Выпьем же за меткость Бэ-Бэ, произнес я мысленный спич. Чтоб ему удавиться, подлой скотине, сволочи поганой, ласковому садисту, киллеру, зубастой барракуде империализма. Чтоб ему утонуть в пальмовом масле. Чтоб его насмерть засыпало кофе с каучуком. Чтоб на его башку свалился «Белый Аллигатор», до краев набитый макаками. Но чтобы прежде — не забудь же, Господи! — он успел профинансировать мою газету на десять лет вперед. Лучше на двадцать. Буль-буль.
— О-о-о, герр Морозофф! — раздался жизнерадостный возглас. — Гутен морген!
Зря я надеялся, что герр Карл вылакал свой шнапс и уже убрался к себе в номер. Мой германский знакомец преспокойно сидел за столиком в ближнем углу, доедая сардельки. В бороде у него белели хлебные крошки. Блондинки-переводчицы рядом не было.
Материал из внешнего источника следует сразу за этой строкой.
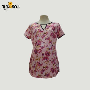 (Small Size ) Chiffon Pink Flower Printed Design V -...

Навязался ты, фриц, на мою голову, с тоскою подумал я. Паулюс проклятый.
— Гутен морген! — как попугай, сказал я, надеясь, что на этом наш разговор и закончится. Беседа с Бэ-Бэ меня полностью измотала. Сейчас у меня не было сил выплясывать еще и перед немцем. К тому же я боялся, что глазастый Карлуша заприметит мое надорванное ухо.
Фриц, однако, не отставал. Дожевав сардельку и вымазав себе бороду горчицей, Карлуша что-то залопотал на языке нибелунгов — энергично и непонятно. Когда он в пятый раз произнес слова «зер перспективиш», тыкая пальцем в потолок, даже я со своим никаким немецким догадался: гость из Кельна интересуется самым перспективным российским политиком.
Я едва сдержался, чтобы не выдать германскому буржуину нашу главную военную тайну: сегодня в России наилучшие перспективы — у бандитов и интриганов. У Бэ-Бэ и Железного Болека, прежде всего.
Только обещанное приглашение в Страсбург вынудило меня не закладывать родное отечество. А то еще, чего доброго, мне — как гражданину бандитской державы — не дадут выступить на Совете Европы. Ладно уж, назову ему Генерала, решил я. Не самая затрепанная карта в нашей колоде.
— Герр Карл... — Я похлопал себя по плечам, изображая погоны. — Зер перспективиш у нас есть... как бы вам сказать... ну, группенфюрер, что ли...
Фриц непонимающе заморгал глазками. Потом все-таки смекнул:
— О-о-о, ихь ферштее! Дер генераль. Дритте крафт, дритте крафт!
— Битте-дритте, — утомленно поддакнул я, раздумывая, как бы повежливей удрать от немца.
Помощь пришла неожиданно. Терпко повеяло духами, и в баре возникло знакомое лицо. Это была Вита Лукьяновна Крохина, завотделом науки и культуры «Свободной газеты». Моя подчиненная. Вбежав, Крохина метнулась прямо к стойке, но тут углядела главного редактора и — резко изменила траекторию.
— Здрасьте, Виктор Ноевич! — зашептала она, подлетая ко мне и кивая немцу.
Будь на ее месте наша Анджелка, я бы подумал, что моя сотрудница в свободное время подрабатывает в «Национале» ночной бабочкой. Но Вита Лукьяновна — выше всех подозрений. У нее реноме верной матроны. Да и возраст, между нами говоря, уже предпенсионный.
Надо было ловить удобный момент. Я жестом объяснил Карлуше, что меня ждет вот эта дама, и, ухватив Крохину за руку, покинул сначала бар, а после гостиницу. Швейцар у дверей, еще издали заприметив меня, трусливо прикрылся газетой. Кстати, это была наша газета: с фотографией вертолета на первой полосе. При виде снимка ухо мое заныло сильнее прежнего.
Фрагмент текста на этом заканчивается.